Ingredients:
For the Protein & Marinade:
1 lb chicken breast, cut into bite-sized pieces
1 tablespoon low-sodium soy sauce
1 teaspoon grated ginger
2 cloves garlic, minced
1 tablespoon cornstarch
Vegetables:
2 carrots, julienned
2 bell peppers, sliced
2 cups broccoli florets
1 cup sugar snap peas
1 cup baby corn
1 cup water chestnuts
2 cups baby bok choy, chopped
1 red onion, sliced
Sauce:
1 cup coconut cream
2 tablespoons low-sodium soy sauce
1 tablespoon fish sauce
1 lime, juiced
1 tablespoon grated ginger
3 cloves garlic, minced
1 lemongrass stalk, bruised and chopped
1 tablespoon honey
1 red chili, finely chopped (optional)
Finishing:
1 cup roasted cashews
Fresh cilantro
Fresh Thai basil
2 tablespoons coconut oil for cooking
Instructions:
Marinate chicken in soy sauce, ginger, garlic, and cornstarch for 20 minutes.
Mix all sauce ingredients in a bowl.

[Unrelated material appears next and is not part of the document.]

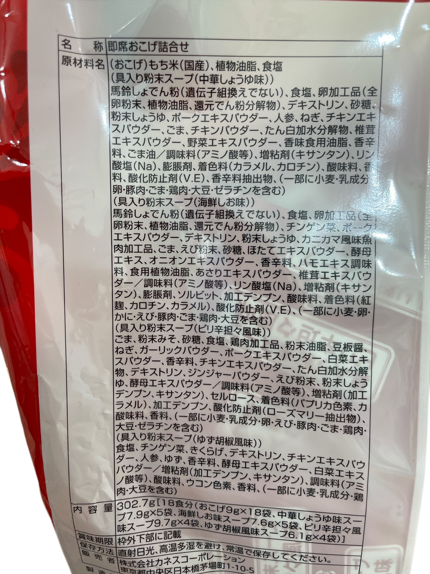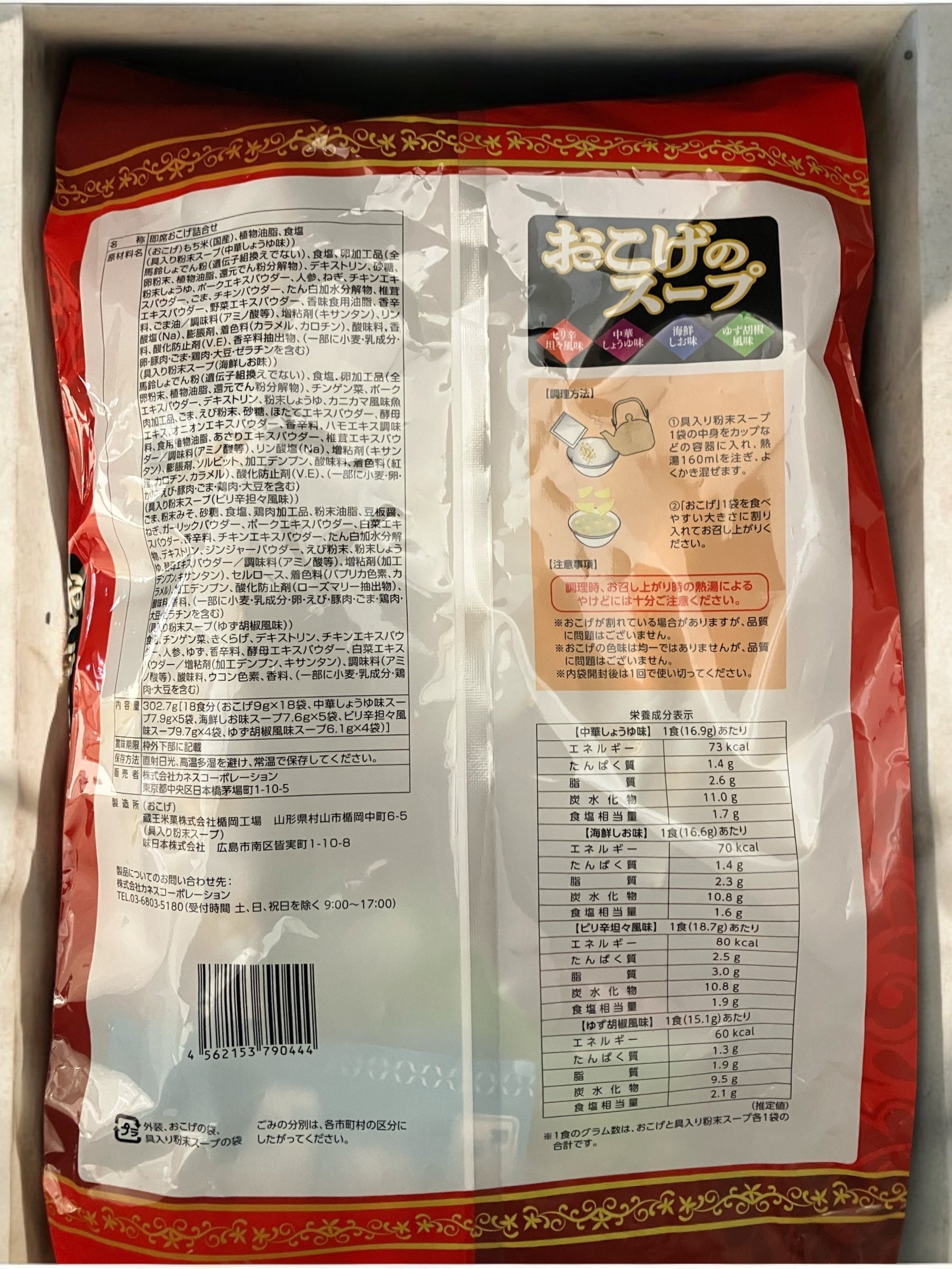 ピリ辛坦々風味、中華しょうゆ味、海鮮しお味、ゆず胡椒風味の4フレーバーが入ったおこげスープ18食入りのセットです。とろみのある4種類のスープとサクサク香ばしい国内産もち米使用のおこげの組み合わせが◎

Set aside.
Heat 1 tablespoon coconut oil in a large wok over high heat. Stir-fry chicken in batches until golden and cooked through (3-4 minutes). Remove and set aside.
Add remaining oil. Stir-fry onions, carrots, and broccoli for 2 minutes.
Add bell peppers, baby corn, and water chestnuts. Stir-fry for 2 minutes.
Add snap peas and bok choy. Cook for 1 minute.
Return chicken to wok. Pour in sauce mixture.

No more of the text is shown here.